- [Task details]: For this exercise, output exactly the lines from the opening line of the listing through the line with "An Excel management", skipping pictures.
=== Data segment ===
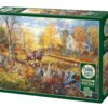 Experience the joys of country living with New Beginning, a 1000pPiece puzzle. This beautiful puzzle features two horses hard at work, surrounded by golden autumn trees and a bustling family and their faithful dog. Let the peaceful scenery transport you to a simpler time.
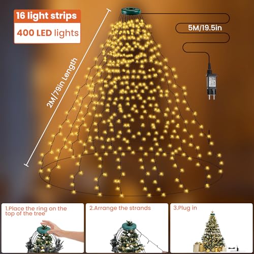 GARITE Luci Albero di Natale Bianco Caldo, 16x2M 400LED Mantello 8 Modalità Interno 150cm, 180cm, 210cm, 240cm Lucine Albero Natale
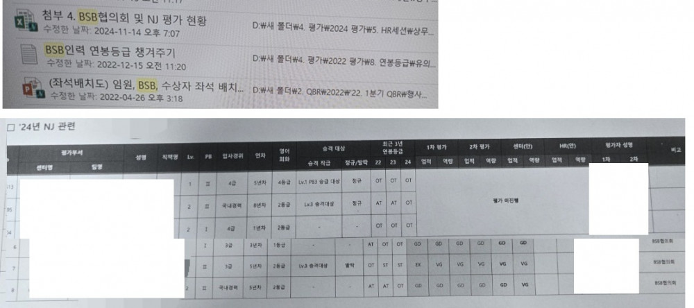 An Excel management file among the leaked materials included data showing that BSB Council members were listed as promotion candidates and systematically given higher evaluation grades.
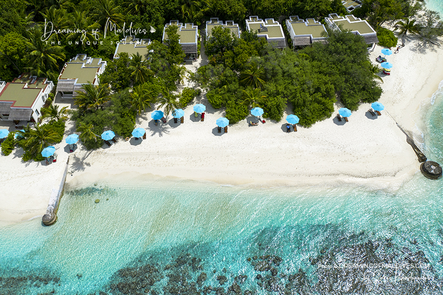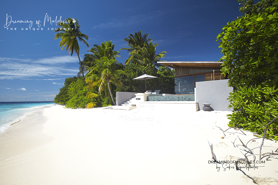 J’ai aussi beaucoup aimé les Villas sur la plage de Kandolhu appelées Pool Villas, dans laquelle nous avons d’ailleurs séjourné. Elles sont directement sur le sable mais sont un peu cachées par des haies de végétation suffisamment hautes pour avoir de l’intimité mais pas trop et juste assez pour laisser la vue sur le lagon.
===
- [Result below]:
 Experience the joys of country living with New Beginning, a 1000pPiece puzzle. This beautiful puzzle features two horses hard at work, surrounded by golden autumn trees and a bustling family and their faithful dog. Let the peaceful scenery transport you to a simpler time.
 GARITE Luci Albero di Natale Bianco Caldo, 16x2M 400LED Mantello 8 Modalità Interno 150cm, 180cm, 210cm, 240cm Lucine Albero Natale
 An Excel management file among the leaked materials included data showing that BSB Council members were listed as promotion candidates and systematically given higher evaluation grades.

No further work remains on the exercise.